Sleeper's standard ingest process is based around the class sleeper.ingest.runner.IngestFactory. This contains a
method that can be called on any Iterable of Rows. This process reads a large batch of rows from the
Iterable and prepares it for writing into the Sleeper table. This involves: reading a batch of rows
into memory, sorting them by key and sort fields, and then writing that batch to a local file. This is
repeated some number of times. At this point the data is only written locally and it is not inside
the Sleeper table. These local files are read into a sorted iterable and the data is written to files in
the S3 bucket for the table. One file is written for each of the leaf partitions. Once this is done,
these new files are added to the state store. At this point the data is available for query.
In this process there is a trade-off between the cost and the delay before data is available for query. Each batch of rows has to be written to files in S3, one per leaf partition. Suppose there were 10,000 rows in the batch (i.e. the close() method was called on the ingest method after 10,000 rows had been added), and suppose the table was split into 100 leaf partitions. Then each write to S3 would be of a file containing 100 rows. To write these 10,000 rows would require 100 S3 PUTs and 100 DynamoDB PUTs. Writing 10,000 rows like this would have almost negligible cost. However, writing 100 million rows with batches of 10,000 rows, would cause 1 million S3 PUTs which costs around $5 and $1.25 in DynamoDB PUT costs. If the batch was 10 million rows, then the cost of the required S3 PUTs would be $0.005 and $0.00125 for DynamoDB costs. Therefore in general larger batches are better, but there is a longer delay before the data is available for query.
To make it easy for users to ingest data from any language, and to deploy ingest jobs in a scalable way, there is an ingest stack of cloud components.
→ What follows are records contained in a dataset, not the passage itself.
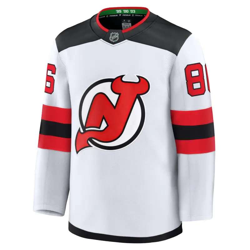 Miesten Fanatics Jack Hughesin New Jersey Devils -vieraspelipaita, valkoinen, Premium
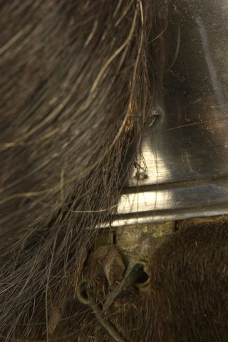 Bombe, visière et couvre-nuque en tôle d’acier; houpette écarlate, crinière en crins noirs. Jugulaires non réglementaires à anneaux entrelacés en forme de 8, d’usage fréquent.... en savoir plus
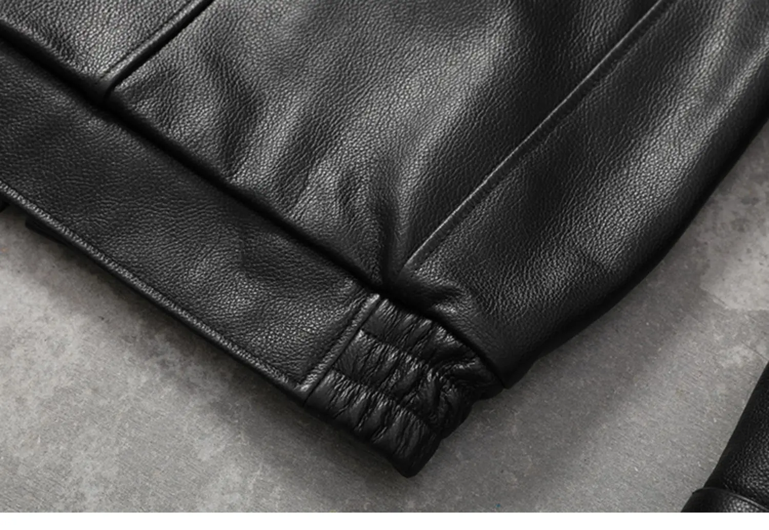 New Fashion Genuine Leather Cowhide Lapel Flight Suit Style Leather Multi-pockets Men Leather Jacket Aviator Jackets Autumn

This requires the user to write data to Parquet files, with columns matching the fields in your schema (note that the fields in the schema of the Parquet file all need to be non-optional).
Note that the descriptions below describe how data in Parquet files can be ingested by sending ingest job definitions in JSON form to SQS queues. In practice it may be easier to use the Python API.
When you have the data you want to ingest stored in Parquet files, a message should be sent to Sleeper's ingest queue telling it that the data should be ingested. This message should have the following form:
{
"id": "a_unique_id",
"tableName": "myTable",
"files": [
"databucket/file1.parquet",
"databucket/file2.parquet"
]
}
Here the items listed under files can be either files or directories. If they are directories, then Sleeper
will recursively look for files ending in .parquet within them.
Files to be ingested must be accessible to the ECS tasks that run the jobs. See the ingest guide for how to prepare your files for access.
It is up to you to spread the data you want to ingest over an appropriate number of jobs. As a general rule, aim for at least 10s of millions of rows per job.
The id field will be used in logging so that users can see the progress of particular ingest jobs by viewing the
logs. The URL of the SQS queue that the message should be sent to can be found from the sleeper.ingest.job.queue.url
property. This will be populated in the config object in the sleeper-<instance-id>-config S3 bucket. It can also
be found using the administration client.
You will need to ensure that the role with the ARN given by the IngestContainerRoleARN property has read access
to the files you wish to ingest. This ARN is exported as a named export from CloudFormation with name
<sleeper-id>-IngestContainerRoleARN to help stacks that depend on Sleeper automatically grant read access to their
data to Sleeper's ingest role. A simple way to do this is to use the sleeper.ingest.source.bucket instance property to
set the name of the bucket that the files are in. If this property is populated when the Sleeper instance is deployed
then the ingest roles will be granted read access to it. Bulk import systems will also be granted read access to it.
Once the message has been sent to the SQS, a lambda will notice that there are messages on the queue and then start
a task on the ingest ECS cluster (this cluster is called sleeper-<instance-id>-ingest-cluster). This task will
then ingest the data. This process is asynchronous, i.e. it may be several minutes before the data has been ingested.